Detecting Long-Term Changes in Air Pollution from Space
Developing Tools for High-Resolution Air Quality Data
To keep our air clean, we need to implement effective regulations. To understand the effect of regulations, we need access to high-quality data that can show long-term trends.
Amir Souri, a Ph.D. student who is advised by Yunsoo Choi, assistant professor in the Department of Earth and Atmospheric Sciences, is working on high-resolution methods to detect changes in air pollution.
Recently, Souri was the lead author on a paper, published in the Journal of Geophysical Research: Atmospheres, in which he used these methods to detect changes in emission levels in East Asia. This method, which can be used for detecting multiple types of air pollution, focused on ozone, which is also a problem here in the United States.
Ozone at Ground Level Harms Human Health
“In the stratosphere, ozone is useful because it blocks UV radiation,” said Souri, who arrived at the University of Houston in 2015.
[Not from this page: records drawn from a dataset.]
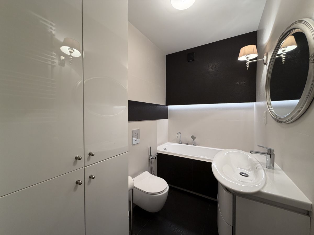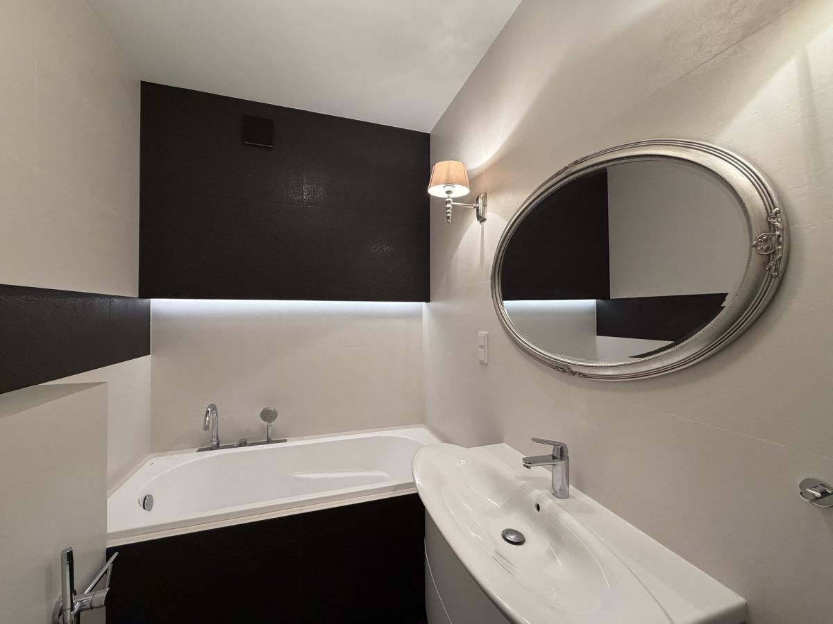 - Łazienka z wanną, pralką i suszarką.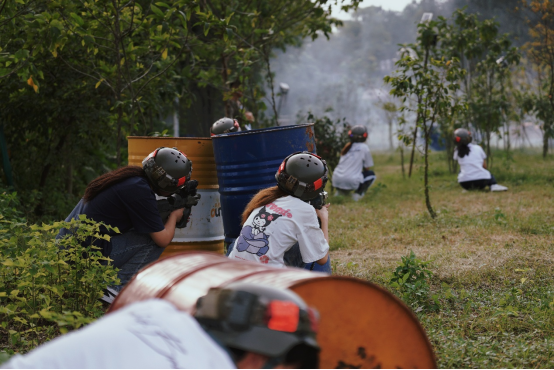 最后,同学们以真人cs的形式开展红蓝阵营对决。草丛潜伏、战术转移、默契配合,模拟枪声中尽显协同作战能力,在实战场景中锤炼顽强意志。真人 CS 战场已经 “硝烟弥漫”,身边的战友是彼此最默契的搭档。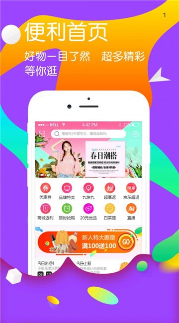 2.超级返:淘宝天猫产品:男装,女装,童装,化妆品,护肤品,内衣,家电百货,美妆,食品,母婴家居,鞋,包,配饰,运动户外,手机,奢侈品牌,儿童。30天每日打折,底价,优惠券,特卖。超高返利等你来!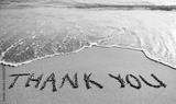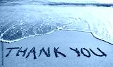 thank you word drawn on the beach sand
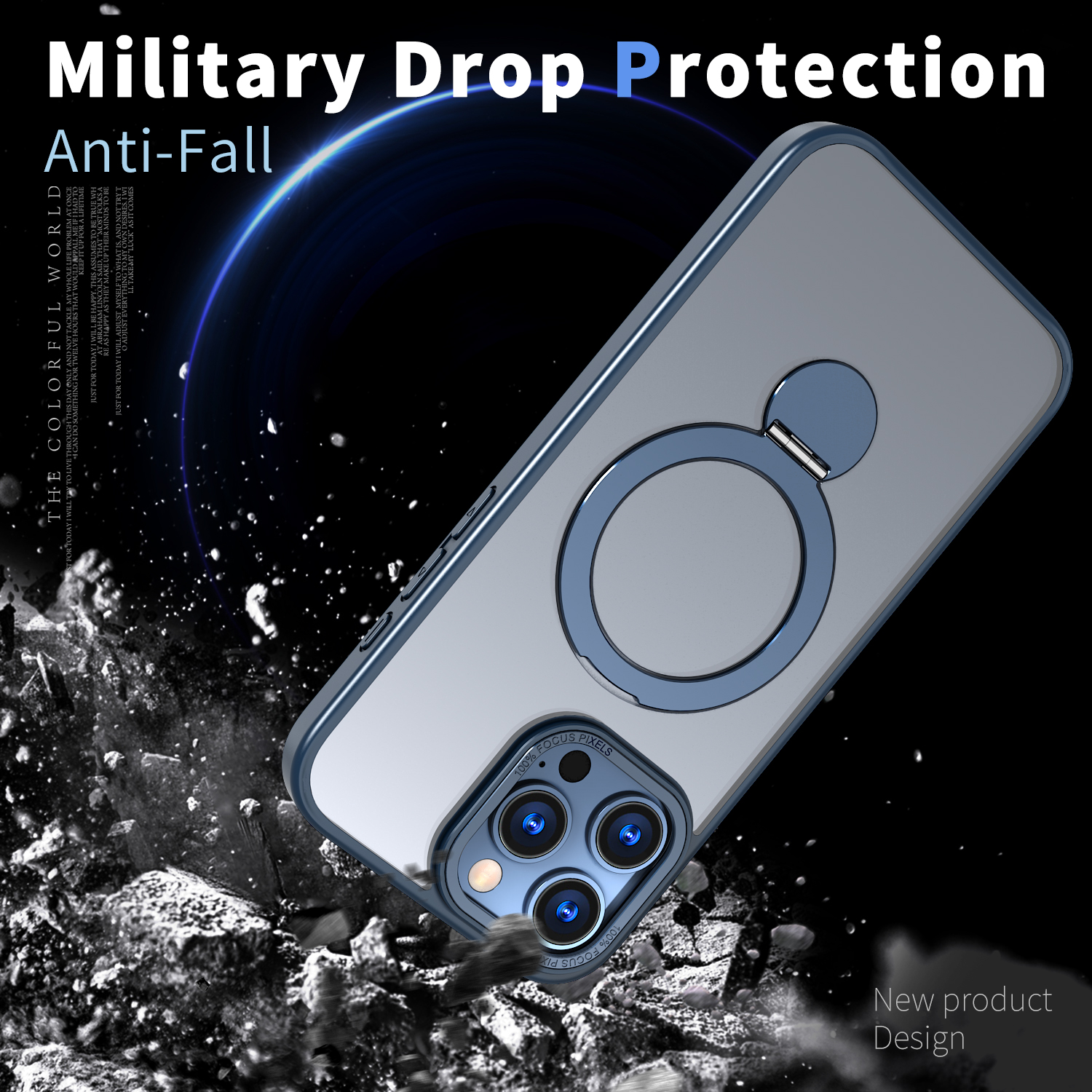 For iPhone 15 Pro Case Rotating Kickstand Skin-touch TPU + PC Phone Cover Compatible with MagSafe – Blue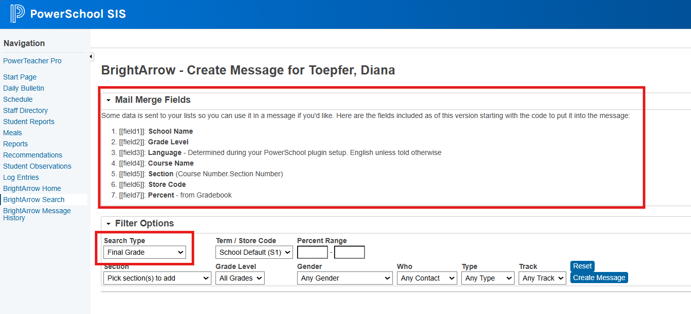 With the "Search Type" as "Final Grade" or "Missing Assignments" you will see additional mail merge fields listed in the Mail Merge Fields section. These fields will change depending on the Search Type you chose. When using "Final Grade" or "Missing Assignments" as the search type, the fields shown in PowerSchool will override any fields shown in the BrightArrow create message screen's Mail Merge Field drop-down.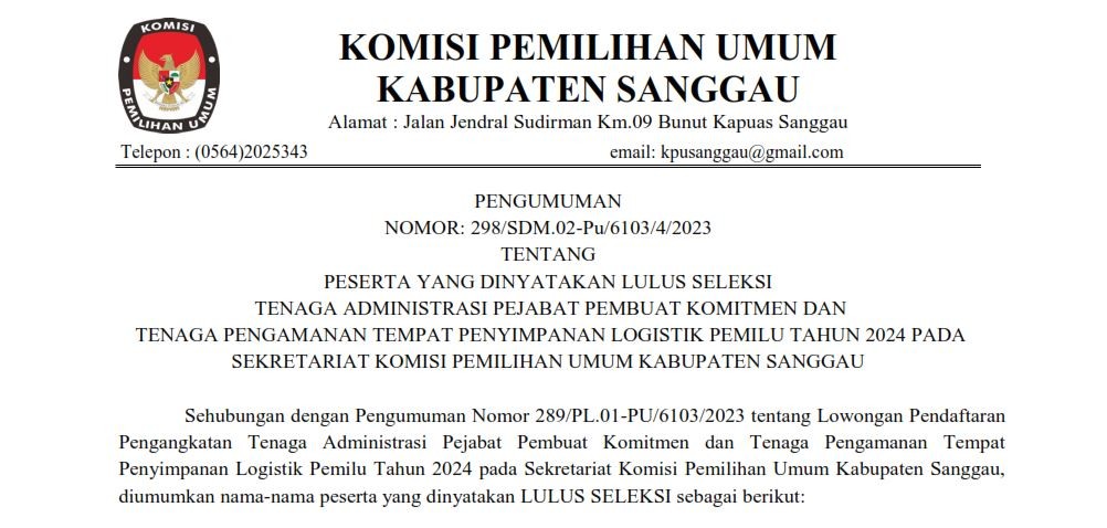 Sanggau, kab-sanggau.kpu.go.id | Berikut disampaikan Pengumuman KPU Kabupaten Sanggau Nomor: 298/SDM.02-Pu/6103/4/2023 tentang Peserta Yang Dinyatakan Lulus Seleksi Tenaga Administrasi Pejabat Pembuat Komitmen Dan Tenaga Pengamanan Tempat Penyimpanan Logistik Pemilu Tahun 2024 Pada Sekretariat Komisi Pemilihan Umum Kabupaten Sanggau.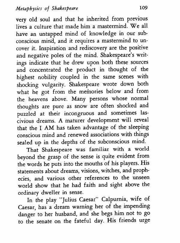 very old soul and that he inherited from previous lives a culture that made him a mastermind. We all have an untapped mind of knowledge in our subconscious mind, and it requires a mastermind to uncover it. Inspiration and rediscovery are the positive and negative poles of the mind. Shakespeare's writings indicate that he drew upon both these sources and concentrated the product in thought of the highest nobility coupled in the same scenes with shocking vulgarity. Shakespeare wrote down both what he got from the memories below and from the heavens above. Many persons whose normal thoughts are pure as snow are often shocked and puzzled at their incongruous and sometimes lascivious dreams. A maturer development will reveal that the I AM has taken advantage of the sleeping conscious mind and renewed associations with things sealed up in the depths of the subconscious mind.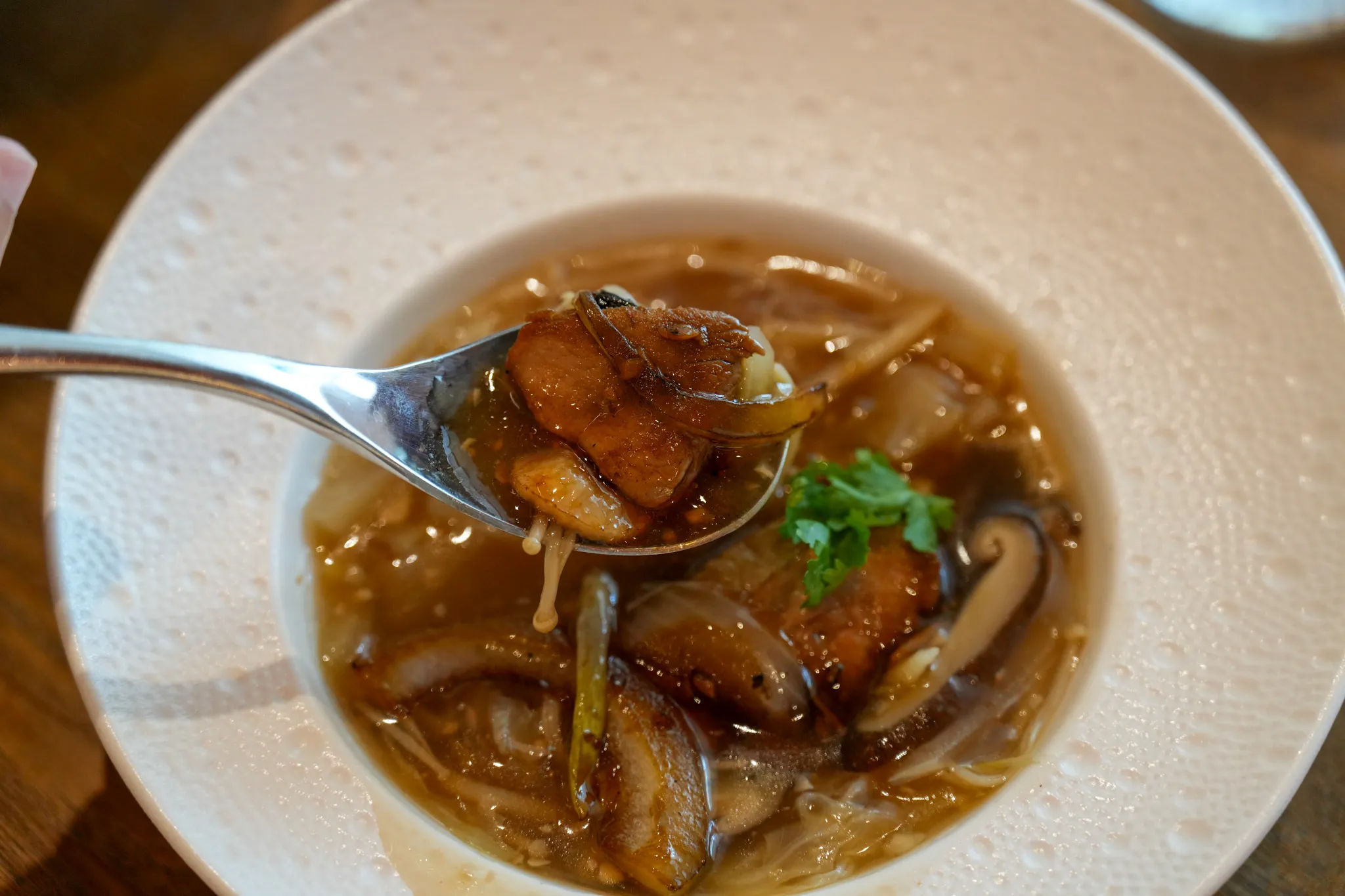 ▼佛跳牆中有栗子、鮑魚、豬肉和豬肚,湯底是使用肉骨茶加入一點花椒做提味,喝起來味道沒有很重,肉骨茶味較明顯,花椒的部分只有吃豬肚或是鮑魚這種比較吸湯汁的配料才有一點感覺,是道蠻創新的料理。
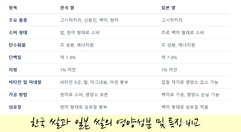 한국에서 생산되는 쌀, 특히 고시히카리 품종은 일본 소비자들에게 친숙한 맛과 질감을 제공합니다. 고시히카리는 쫄깃하고 부드러운 식감으로 일본에서 인기가 높은 품종이며, 한국에서도 품질이 높게 재배되고 있습니다. 이러한 품질과 맛은 일본 소비자들이 한국 쌀을 선호하는 중요한 이유 중 하나입니다.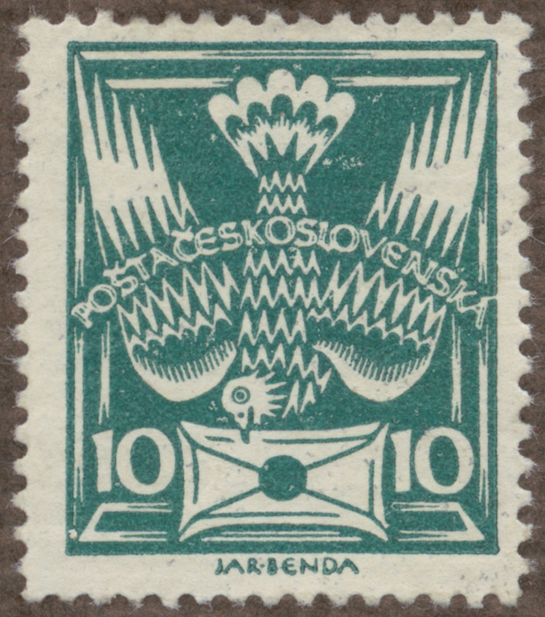 Frimärke från Tscheckoslovakiet, 1920. Motiv av postsymbol Duva med brev

However, on ground level, ozone poses a human health risk, leading to complications such as asthma and reduced lung function.
Ozone pollution is especially hard to predict, given that it is formed due to the photochemical reaction of different air pollutants. Souri’s research has focused on detecting the two primary reactants, which are NO2 and a class of compounds known as volatile organic compounds (VOCs). The main source of NO2 and VOC emissions are from vehicles, power plants and industry in East Asia.
Under the right circumstances, one that is dependent on sunlight and the right proportions of reactants, these can combine to form ozone.
Ozone Pollution Capable of Traveling Long Distances
“Air pollution doesn’t remain confined to one country,” Souri said. “Ozone has a long lifetime, lasting from a few days to several weeks. So even though we have regulations, ozone is still transported to the western United States from China.”
Using data from NASA’s Ozone Monitoring Instrument, which orbits the Earth recording daily air quality measurements, Souri was able to construct high-resolution maps dating back to 2004. These maps are of both NO2 and VOC levels.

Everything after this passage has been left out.